The Week in Drugs
The Week in Drugs
Mexico’s new drug use law worries US police
Mexico now has one of the world’s most liberal laws for drug users after eliminating jail time for small amounts of marijuana, cocaine and even heroin, LSD and methamphetamine.
“All right!” said a grinning Ivan Rojas, a rail-thin 20-year-old addict who endured police harassment during the decade he has spent sleeping in Mexico City’s gritty streets and subway stations.
But stunned police on the U.S. side of the border say the law contradicts President Felipe Calderon’s drug war, and some fear it could make Mexico a destination for drug-fueled spring breaks and tourism
Argentina rules on marijuana use
The supreme court in Argentina has ruled that it is unconstitutional to punish people for using marijuana for personal consumption.
The decision follows a case of five young men who were arrested with a few marijuana cigarettes in their pockets.
But the court said use must not harm others and made it clear it did not advocate a complete decriminalisation.
Correspondents say there is a growing momentum in Latin America towards decriminalising drugs for personal use.
The Argentine court ruled that: “Each adult is free to make lifestyle decisions without the intervention of the state.”
500K Cocaine Cache in Gas Tank Intercepted by Border Patrol
Last Friday morning U.S. Border Patrol agents in San Diego Sector seized more than 51 pounds of cocaine stashed inside the gas tank of a SUV at the U.S. Border Patrol Checkpoint on Interstate 8 near Pine Valley.
At around 9:30 a.m., agents at the checkpoint encountered a Jeep Cherokee Sport driven by a 26-year-old male U.S. citizen. A Border Patrol canine team was summoned to conduct an exterior search on the SUV. The Border Patrol K-9 alerted on the vehicle, prompting agents to investigate further.
Agents inspected the undercarriage of the vehicle and noticed the gas tank had been tampered with. After removing the gas tank, Border Patrol agents discovered a modified compartment within the gas tank that contained 20 wrapped bundles of cocaine. The estimated street value is more than $516,000.
46 kilos of cocaine found aboard cargo plane from Venezuela
Federal agents were inspecting boxes aboard a cargo plane from Venezuela Tuesday night, when they came across a hefty load of Florida snow — 46 kilos of it.

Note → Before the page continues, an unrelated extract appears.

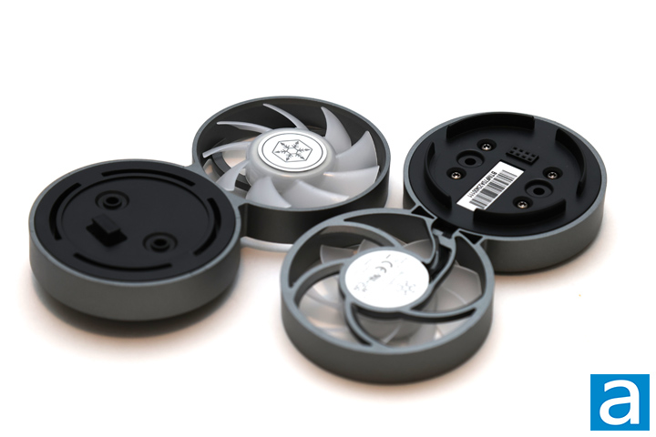 As mentioned, SilverStone sent us two sets of their IMF70-ARGB fans. From this view, you can see both sides of the fans. They are intended to only install one way and blow air towards your motherboard components. We have seen something similar on other coolers like the CRYORIG A80, and more recently with the ARCTIC Liquid Freezer II 280 A-RGB. The idea is to provide a bit of cooling for components near the processor. While the concept is not new, the innovation is the fact you can add multiple and move them around as you need. You can also rearrange them to cool other components around the processor socket. As for the IMF70-ARGB, these slot into the top of the water pump block and can be secured further with plastic pins. Of course, the four curved slits and protrusions help with securing them in place. The aforementioned 8-pin header is used for controlling the lighting and fan speed. Once installed, the fan module can rotate for a total of 320-degrees. SilverStone has not specified a maximum number of fans you can stack on top of each other, although I would expect diminishing returns after a certain number, as they would stack too far above your motherboard.

The 42 brick-size packages of cocaine discovered by inspectors at Miami International Airportwere worth a total of $3.8 million, according to U.S. Immigration and Customs Enforcement officials.
Peru police seize cocaine sewn inside live turkeys
Peruvian police expecting to find a shipment of cocaine hidden in a crate holding two live turkeys were surprised to discover the drug surgically implanted inside the birds.
Acting on a tip, officers stopped a Turismo Ejecutivo SRL bus outside the city of Tarapoto in the central jungle state of San Martin, officials said Monday.
Police were puzzled when they found the turkeys in the crate, but didn’t find the cocaine, Tarapoto’s anti-drug police chief, Otero Gonzalez, told the Associated Press. They then noticed that the two turkeys were bloated.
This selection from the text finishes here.